» EXERCISE GOAL
In the data below, reproduce everything exactly except the images.

» RECORDED DATA

• • • • •

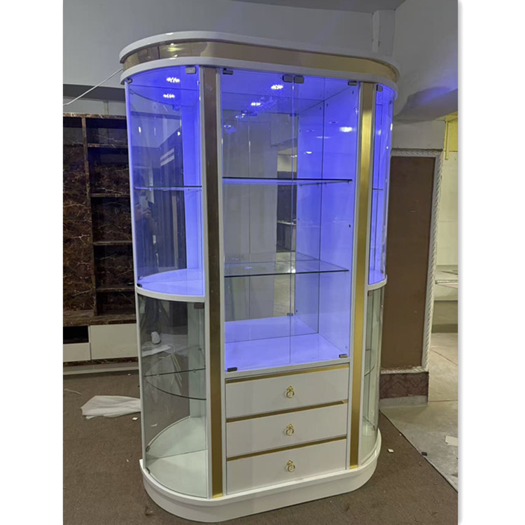 Ruang Tamu Kustom Kaca Tempered Lemari Pemajang Tangan Lemari Pemajang Segitiga Dinding Lemari Penyimpanan Dekorasi Sudut
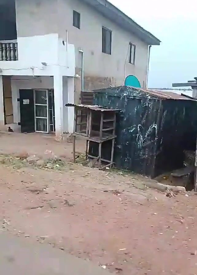The video depicts a street scene in a rural or developing area. Several buildings with simple architecture are visible, along with dirt roads. Various motorcycles are parked along the side of the road. A man is seen standing next to a motorcycle. There are signs for local businesses, including one for agricultural and veterinary services. The sky is overcast, suggesting a potentially rainy day. The overall impression is of a somewhat impoverished area with basic infrastructure.
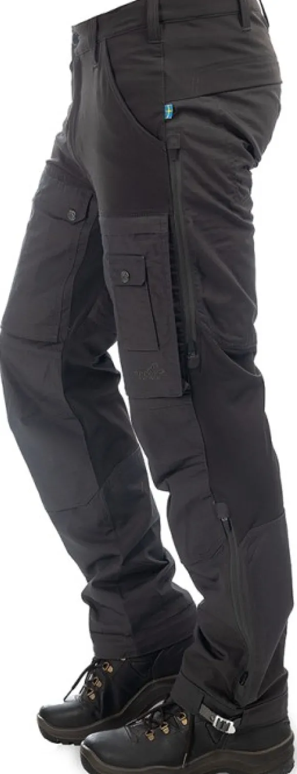 Housuissa on tuuletusvetoketjut sivuilla ja polvitaskut polvisuojia varten. Käytännöllinen vetoketju lahkeissa helpottaa korkeavartisten kenkien pukemista ja riisumista sekä mahdollistaa lisätuuletuksen. Housuissa on säädettävät lahkeensuut, jotka on mahdollista kiinnittää kengännauhoihin.
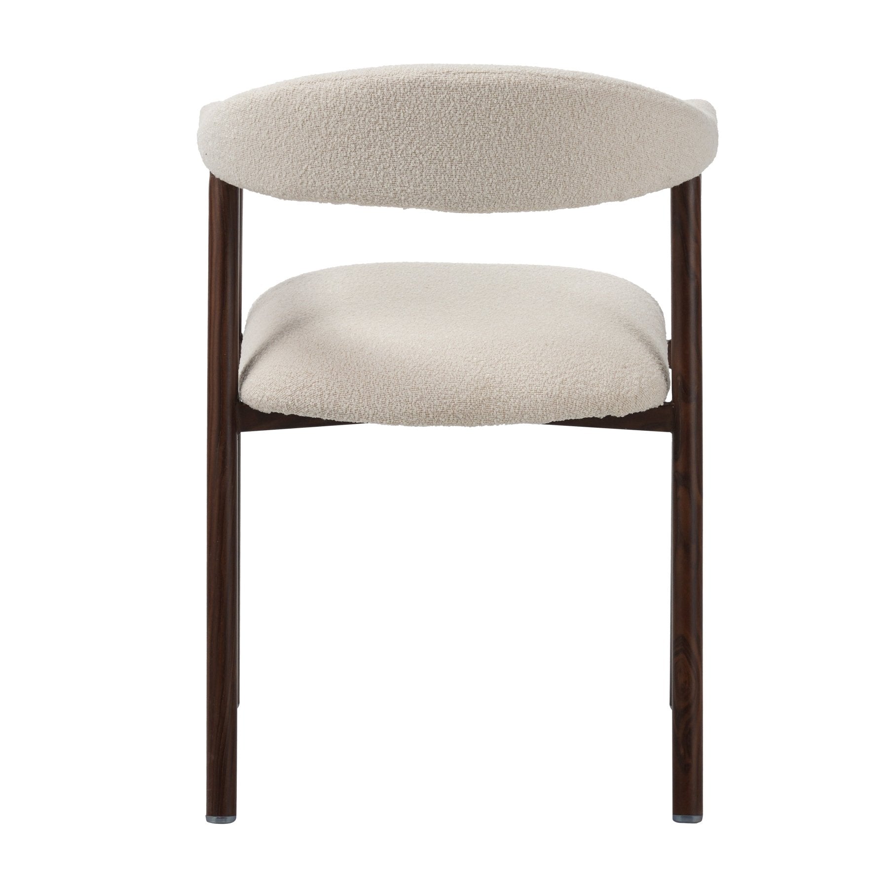 Japandi Dining Chair Ivory Bouclé Suki - Walnut Frame - With Armrests

• • • • •

» RESULT OF THIS EXERCISE
 Ruang Tamu Kustom Kaca Tempered Lemari Pemajang Tangan Lemari Pemajang Segitiga Dinding Lemari Penyimpanan Dekorasi Sudut
The video depicts a street scene in a rural or developing area. Several buildings with simple architecture are visible, along with dirt roads. Various motorcycles are parked along the side of the road. A man is seen standing next to a motorcycle. There are signs for local businesses, including one for agricultural and veterinary services. The sky is overcast, suggesting a potentially rainy day. The overall impression is of a somewhat impoverished area with basic infrastructure.
 Housuissa on tuuletusvetoketjut sivuilla ja polvitaskut polvisuojia varten. Käytännöllinen vetoketju lahkeissa helpottaa korkeavartisten kenkien pukemista ja riisumista sekä mahdollistaa lisätuuletuksen. Housuissa on säädettävät lahkeensuut, jotka on mahdollista kiinnittää kengännauhoihin.
 Japandi Dining Chair Ivory Bouclé Suki - Walnut Frame - With Armrests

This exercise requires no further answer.